With the images omitted, return all of the entries exactly as they stand.
[[ EXERCISE DATA open ]]
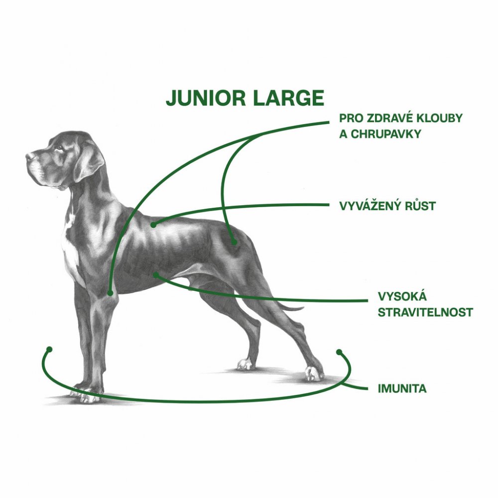 Kompletní krmivo pro mladé psy všech velkých a obřích plemen ve věku od 3–24 měsíců.
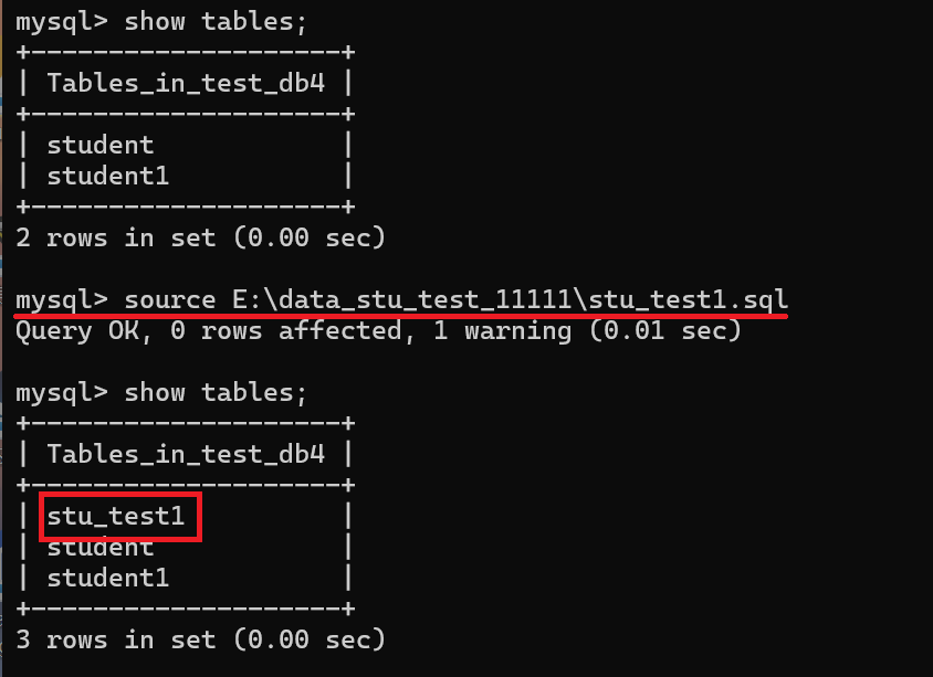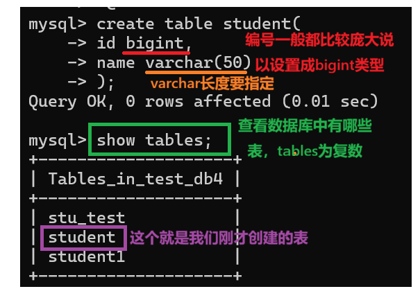 例如,我要在test_db4中创建表,我们首先要在使用test_db4这个数据库
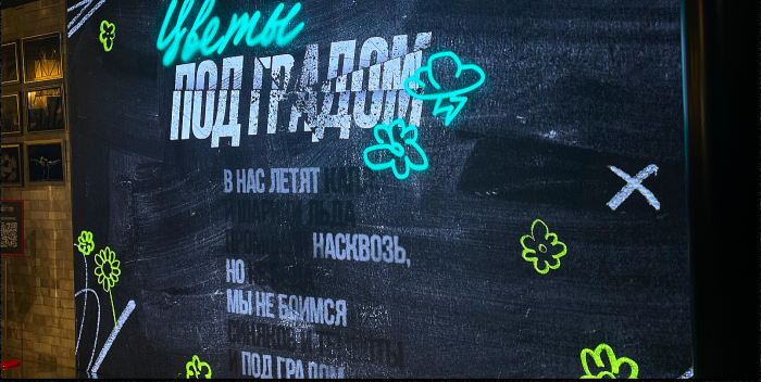 В начале марта в Москве состоялась премьера рэп-спектакля «Цветы под градом» — истории детей о жизни под немирным небом. Команде дизайнеров предстояло разработать брендбук, логотип и афишу, которые передадут смысл проекта, но при этом не будут давить на жалость (об этом попросили сами актеры). Для афиши использовали образ девочки, в ТЗ он был подробно описан. С одной стороны понимали, что точно хочет заказчик, с другой — времени на прорисовку или фотосессию практически не было. Поэтому это делегировали нейросети — в пять раундов она создала нужный силуэт, позу, одежду и даже прическу. А окружающая среда была отрисована и доработана под главную героиню.
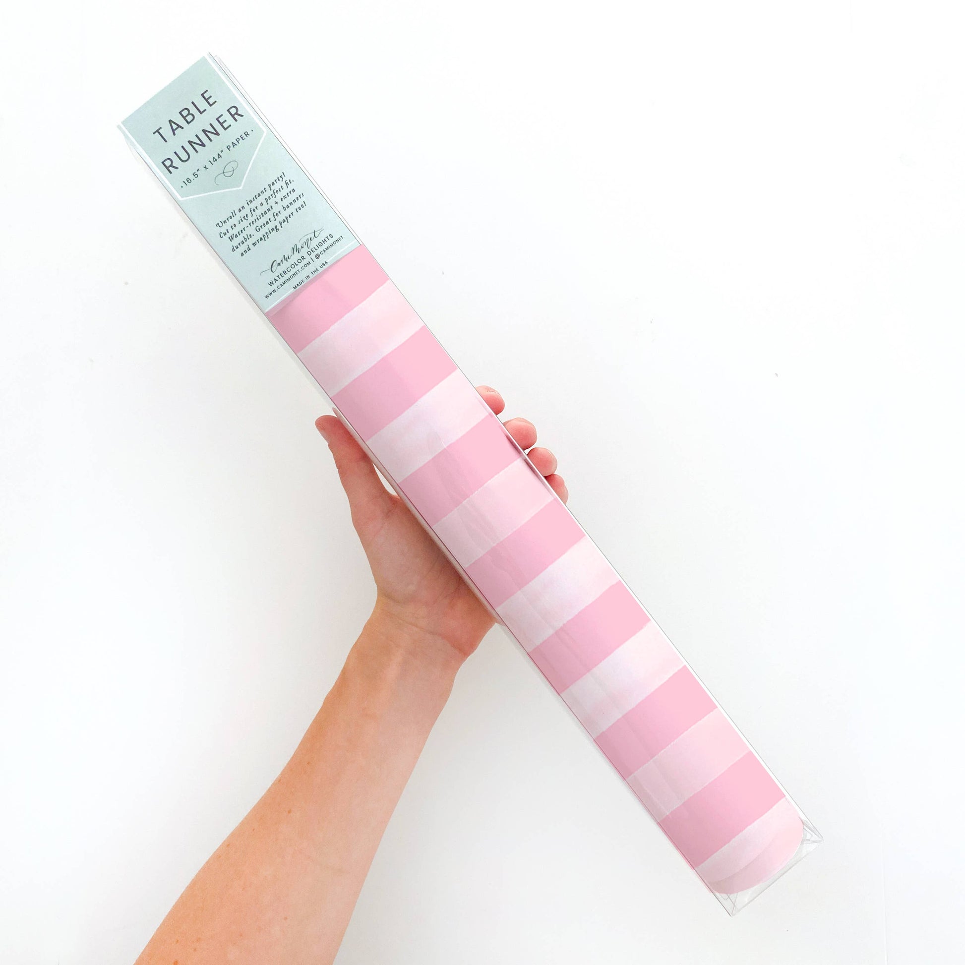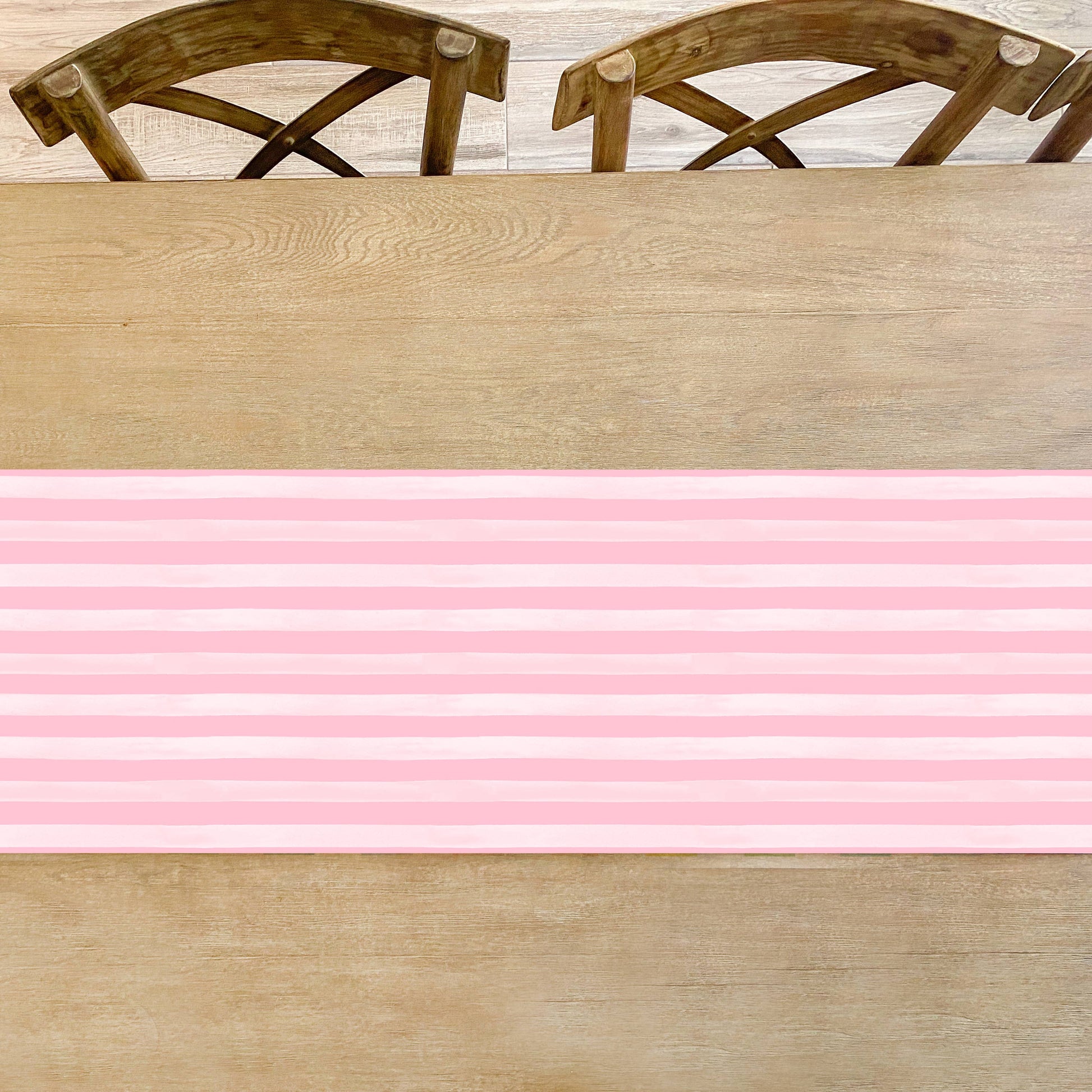 Add a touch of charm to your table with our Pretty Pink Stripe Table Runner! Perfect for baby showers, birthdays, Valentine's, Easter, and more, this hand-painted watercolor design in dreamy blush tones will elevate any occasion. Durable, water-resistant, and cut to size for a perfect fit, it’s an easy way to create a stylish tablescape. Made in the USA, with an original watercolor illustration by Cami Monet.
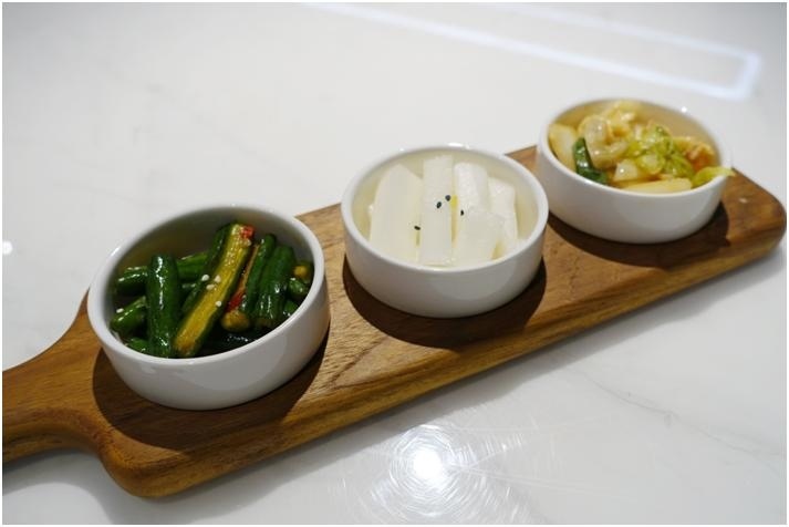 今天的季節漬物分別為小黃瓜 蘿蔔和泡菜.屬於味道比較清爽型的醃菜.
[[ EXERCISE DATA closed ]]
EXERCISE ANSWER:
 Kompletní krmivo pro mladé psy všech velkých a obřích plemen ve věku od 3–24 měsíců.
 例如,我要在test_db4中创建表,我们首先要在使用test_db4这个数据库
 В начале марта в Москве состоялась премьера рэп-спектакля «Цветы под градом» — истории детей о жизни под немирным небом. Команде дизайнеров предстояло разработать брендбук, логотип и афишу, которые передадут смысл проекта, но при этом не будут давить на жалость (об этом попросили сами актеры). Для афиши использовали образ девочки, в ТЗ он был подробно описан. С одной стороны понимали, что точно хочет заказчик, с другой — времени на прорисовку или фотосессию практически не было. Поэтому это делегировали нейросети — в пять раундов она создала нужный силуэт, позу, одежду и даже прическу. А окружающая среда была отрисована и доработана под главную героиню.
 Add a touch of charm to your table with our Pretty Pink Stripe Table Runner! Perfect for baby showers, birthdays, Valentine's, Easter, and more, this hand-painted watercolor design in dreamy blush tones will elevate any occasion. Durable, water-resistant, and cut to size for a perfect fit, it’s an easy way to create a stylish tablescape. Made in the USA, with an original watercolor illustration by Cami Monet.
 今天的季節漬物分別為小黃瓜 蘿蔔和泡菜.屬於味道比較清爽型的醃菜.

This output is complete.